Again you'll notice that these functions begin with "DoProtected..." to signify that they are wrapped by publicly exposed functions. The DoProtectedCreateSymbolsAndModelsUsingStream() function is the one you will override in order to train your compressor based on an input file. The fortempdecompressiononly argument in the DoProtectedSaveState() function will be set to true when the compressor state is being saved in the header of a self-contained compressed file; the purpose of this flag is to allow your save state function to save only the minimal information needed to decompress a file - it can skip saving parameters and other information that is not needed for decompression.
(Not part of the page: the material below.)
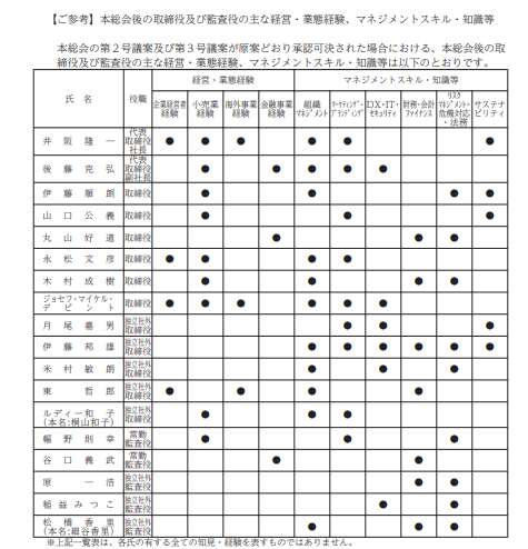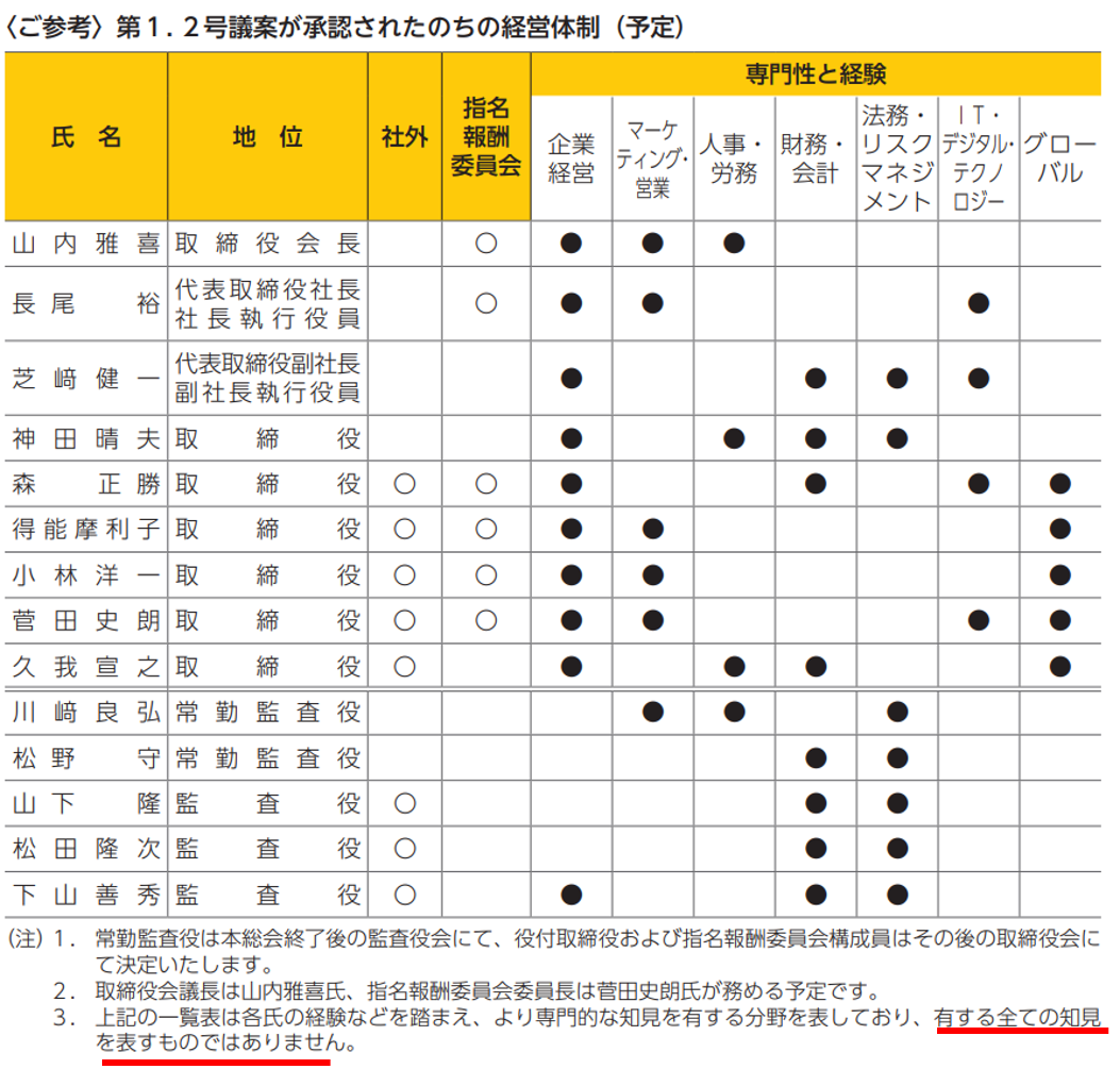 また、富士フイルムホールディングスやヤマトホールディングスのスキル・マトリックスでは、「各取締役が有する全ての知見や経験を表すものではない」との断り書きを入れています。この記載は「●がついていない項目や、そもそもスキル項目として挙げられていない分野について知見や経験がないということではない」ことを明確にする趣旨と考えられ、各取締役(特に社外取締役)に配慮したものと言えそうです。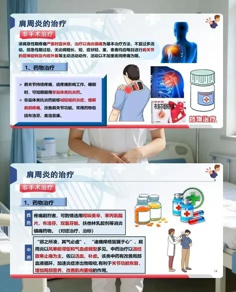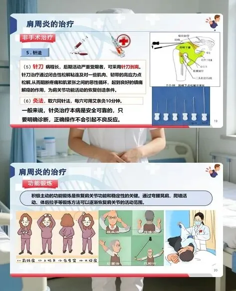 导致肩周炎的原因是 “内外夹击”:外部有长期劳损、寒冷刺激和肩部外伤,内部则与肝肾亏损、气血不足、软组织老化相关。治疗上,急性期以消炎镇痛为主,可服用布洛芬等非甾体类抗炎药;缓解期则需配合物理治疗、针灸推拿、关节腔注射等方式。臂丛阻滞加手法松解术安全见效快,而针刀治疗能有效松解粘连,为功能恢复创造条件。更重要的是坚持功能锻炼,弯腰晃肩、爬墙活动、体后拉手等动作,能逐步恢复关节灵活性。

Statistical Compressors - Overview

In the previous sections we have reviewed the basic Compressor API that is the core of all compressors. Octane also contains some higher level compressor classes to make it even easier for you to write certain kinds of compressors. The remainder of this section will describe how to build a new statistical compressor by writing your own parsers, modelers, and coders.

The modern (statistical) approach to compression algorithms treats the compressor as made up of two components, a Model(er) and a Coder. The statistical compressor framework provided in Octane extends this idea by introducing a third component, a Parser, which is responsible for tokenizing the input/output stream into discrete symbols. See the Introduction to Octane for a more detailed description of these components and statistical compression.

Statistical Compressors - The OctaneCompressor_Statistical Class

To write a new statistical compressor, you will begin by deriving your compressor from the OctaneCompressor_Statistical class. The API of this class is identical to the API of the OctaneCompressor class described earlier, except that the default implementations of the state management and compression decompression functions do not have to be changed by you at all.

This is because these functions delegate most work to the three components: an OctaneParser, an OctaneModeler, and an OctaneCoder.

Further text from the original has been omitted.